[[ Source information open ]]

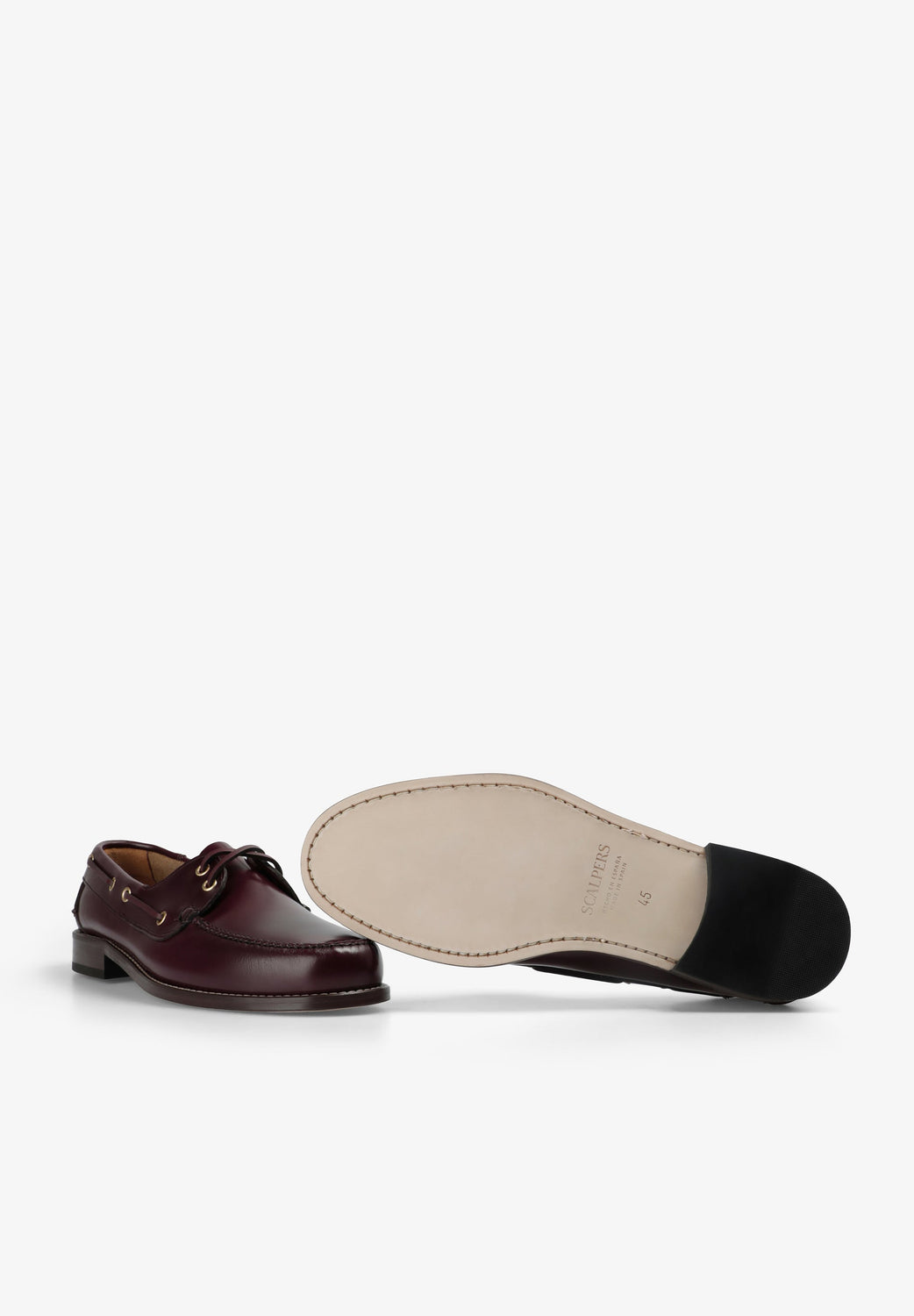 Nautical style shoes made of high quality leather with a shiny finish. Classic design with laces and metal eyelets, round toe and visible seams. With a leather insole for greater comfort and a stitched sole.
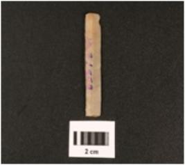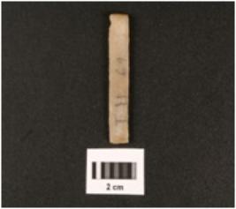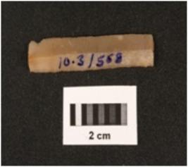 | Description / विवरण | Chert blade with use-wear marks on cutting edge, prominent mid rdige on dorsal side, diffused bulb, triangular in section. |
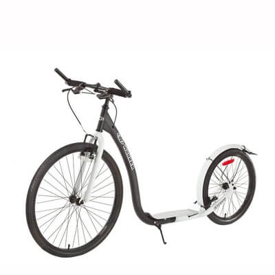 En ekstra stabil sparkesykkel med et robust design fra Walker, som passer for flatere veier, men klarer også lettere terreng. Rammen består av en slitesterk stålkonstruksjon, som har kapasitet for å klare en brukervekt på hele 120 kilo, og har en egenvekt på 11 kg. Den har V-bremse både fremme og bak, og et ekstra bredt styre med justerbar høyde fra 90-100 cm. Den har en totallengde på 170 cm, hvorav ståbrettet utgjør 35 cm av den totale lengden, noe som gir god plass til føttene, og dermed økt komfort. Framhjulene er 26'', og bakhjulene 20'', med aluminiumsfelger.
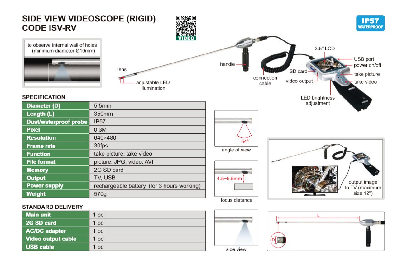 Endoskop ISV-RV INSIZE s bočním pohledem, stupněm ochrany IP57, s průměrem čočky 5,5 mm a rozlišením 640x480. Kamera 0,3M pixelů Rozlišení 640x480 Snímková frekvence 30fps Pořizování obrázků (JPG) a videí (AVI) Pamět 2G SD karta Výstup pomocí TV, USB Délka 350 mm Více
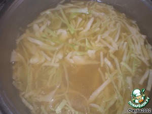 В готовый бульон кладём капусту, нарезанную соломкой. Варим до мягкости.
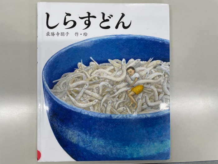 お母さんがりょう君を呼んでいます。まだ遊んでいたいのにご飯の時間なのです。いやいやながら食べるりょう君。食べ終わって食卓を立つと、どんぶりがりょう君を呼び止めました。その声に振り向くと、どんぶりにはしらすが残っていました…。
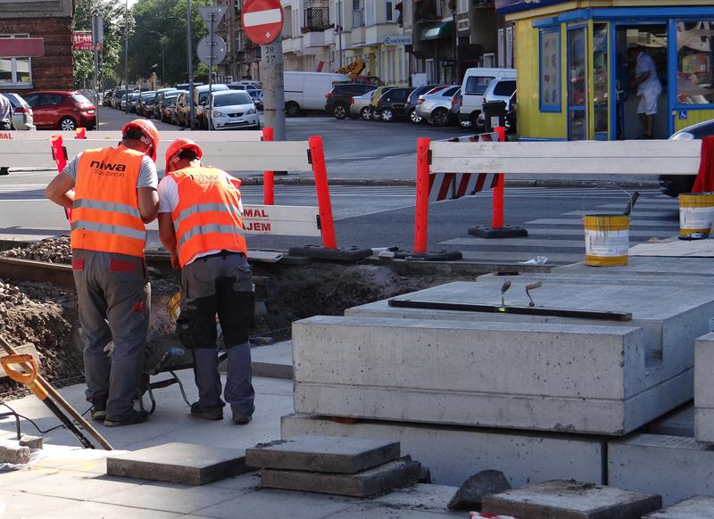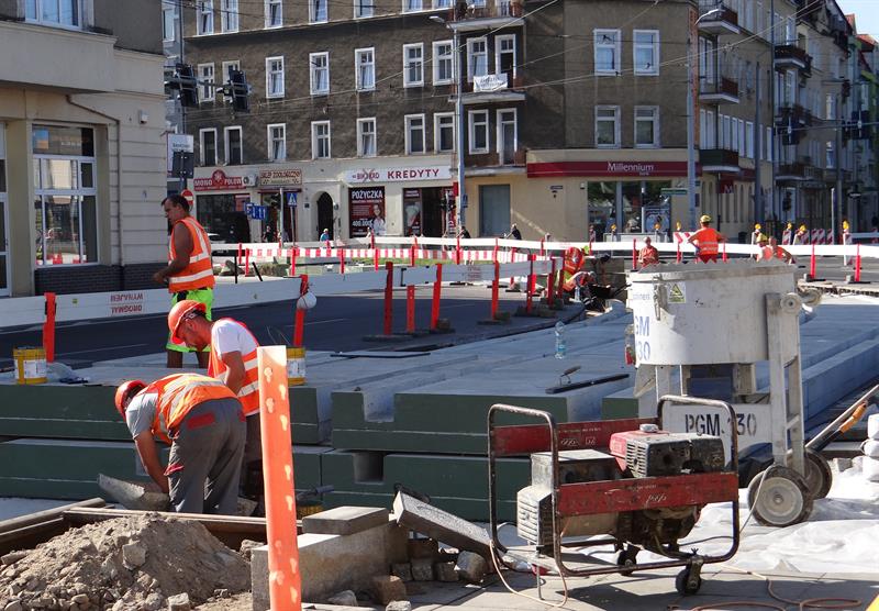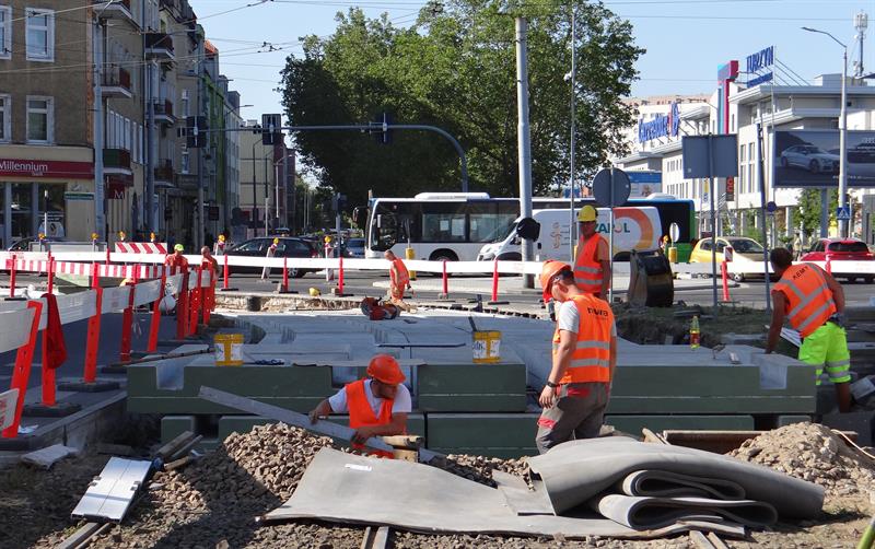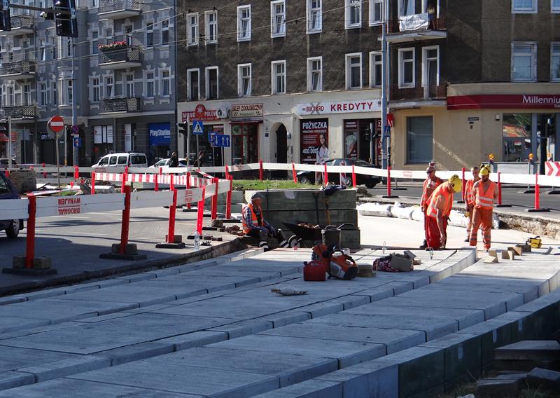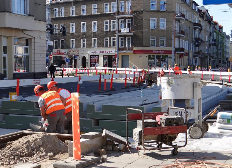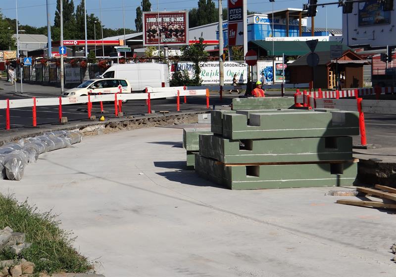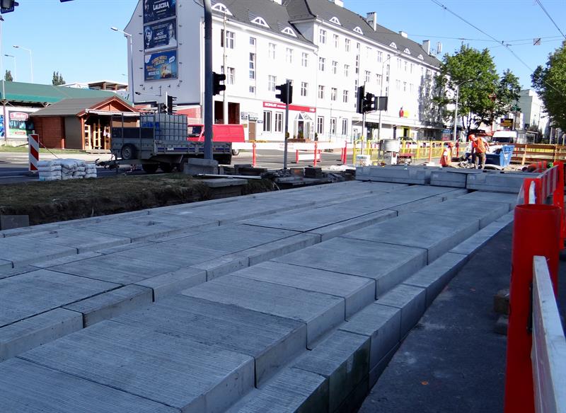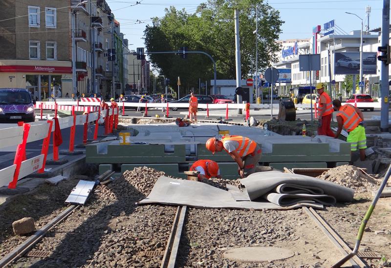 Po rozbiórce starych odcinków torów, niwelacji terenu i wylaniu betonowej podbudowy po nowe szyny u zbiegu al. Bohaterów Warszawy z ul. Bolesława Krzywoustego trwają teraz prace przy układaniu specjalnych profilowanych bloków, będących elementami nowego podtorza na łuku jezdni. Do złudzenia przypomina to układanie konstrukcji z klocków lego. Na plac przebudowy zwożone są kolejne materiały, w tym maty wibroizolacyjne sylomer do wytłumiania drgań i hałasu przejeżdżających po torach tramwajów. Koszt robót zleconych spółce Niwa Szczecin to 2 757 370 zł brutto. Powinny one zakończyć się do 31 sierpnia. ©℗
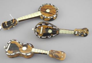 LOT 49 3 Tortoise Shell Miniature Musical Instruments, 5 1/4" - 6"h, NO EXPORT Estimate: $150 - $250 Auction Date: Tuesday, January 28 2025 at 4:00 PM
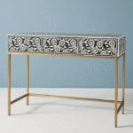 The Raavi Bone Inlay Desk radiates handcrafted artistry, featuring intricate detailing and a warm, luxurious presence. A statement centerpiece for sophisticated spaces.
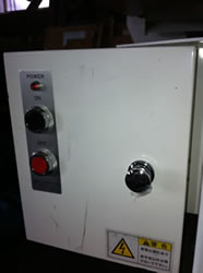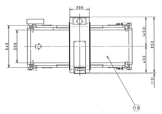 検出能力: Fe φ2.0 SUS φ3.0 通過幅 545mm ベルト幅 500mm 通過高さ 250mm 全長約1630mm 全幅約900mm 全高約1650mm 全自重約150kg |
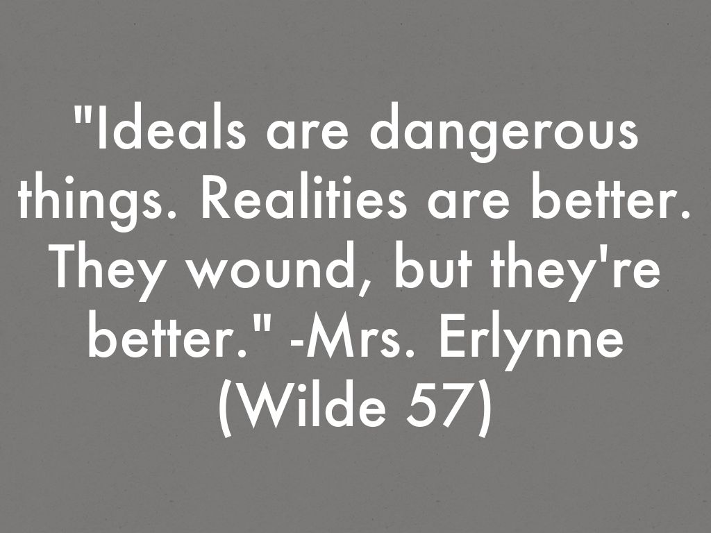 "Ideals are dangerous things. Realities are better. They wound, but they're better." -Mrs. Erlynne (Wilde 57)
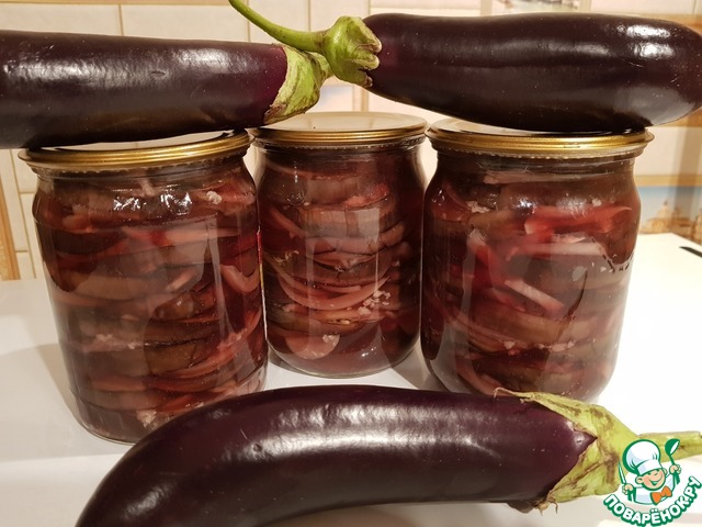 Ни разу за свою сознательную, довольно долгую закаточную практику не готовила баклажаны подобного способа консервирования . Захотелось попробовать! Готовится закрутка довольно быстро. Из 1/3 порции вышло 3 банки по 0,5л, а маринада вся норма. Ждем зимы. Думаю, будет вкусно!
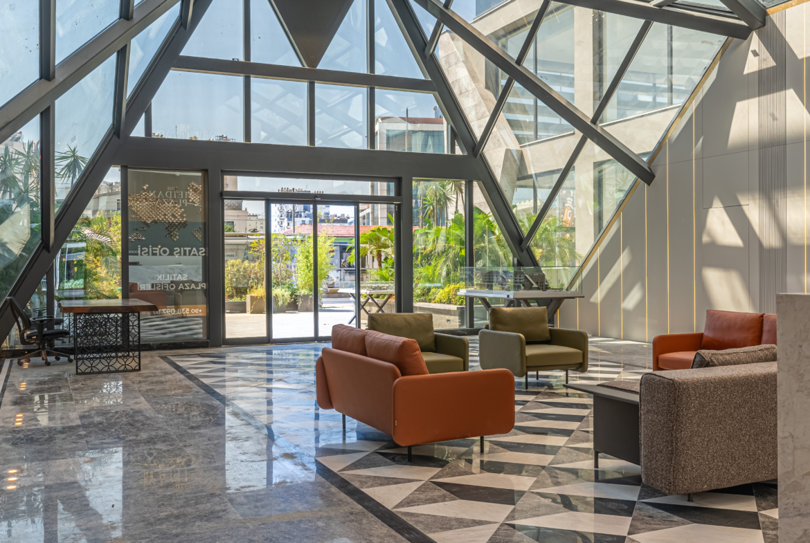 Meidan Plaza is a commercial property containing main street shops and premium offices. It has a reception at the main entrance of the offices. Meydan tram station is just in front. Downtown Kaleiçi is in 15 minutes’ walking distance. Characteristics of the Meidan Plaza project: Outdoor parking with a 110-car capacity. Underground parking garage with a 63-car capacity. Reception area (you can access to block A and block B through the reception area). Digital access to offices with card entry system. Each block has a modern lobby design Security and surveillance system. Project management staff.

[[ Source information closed ]]

> Task: Only the lines from the one containing "Ни разу за свою" through the final line of the entries belong in the copy, both ends included. Pictures stay out.

> Result of this task:
 Ни разу за свою сознательную, довольно долгую закаточную практику не готовила баклажаны подобного способа консервирования . Захотелось попробовать! Готовится закрутка довольно быстро. Из 1/3 порции вышло 3 банки по 0,5л, а маринада вся норма. Ждем зимы. Думаю, будет вкусно!
 Meidan Plaza is a commercial property containing main street shops and premium offices. It has a reception at the main entrance of the offices. Meydan tram station is just in front. Downtown Kaleiçi is in 15 minutes’ walking distance. Characteristics of the Meidan Plaza project: Outdoor parking with a 110-car capacity. Underground parking garage with a 63-car capacity. Reception area (you can access to block A and block B through the reception area). Digital access to offices with card entry system. Each block has a modern lobby design Security and surveillance system. Project management staff.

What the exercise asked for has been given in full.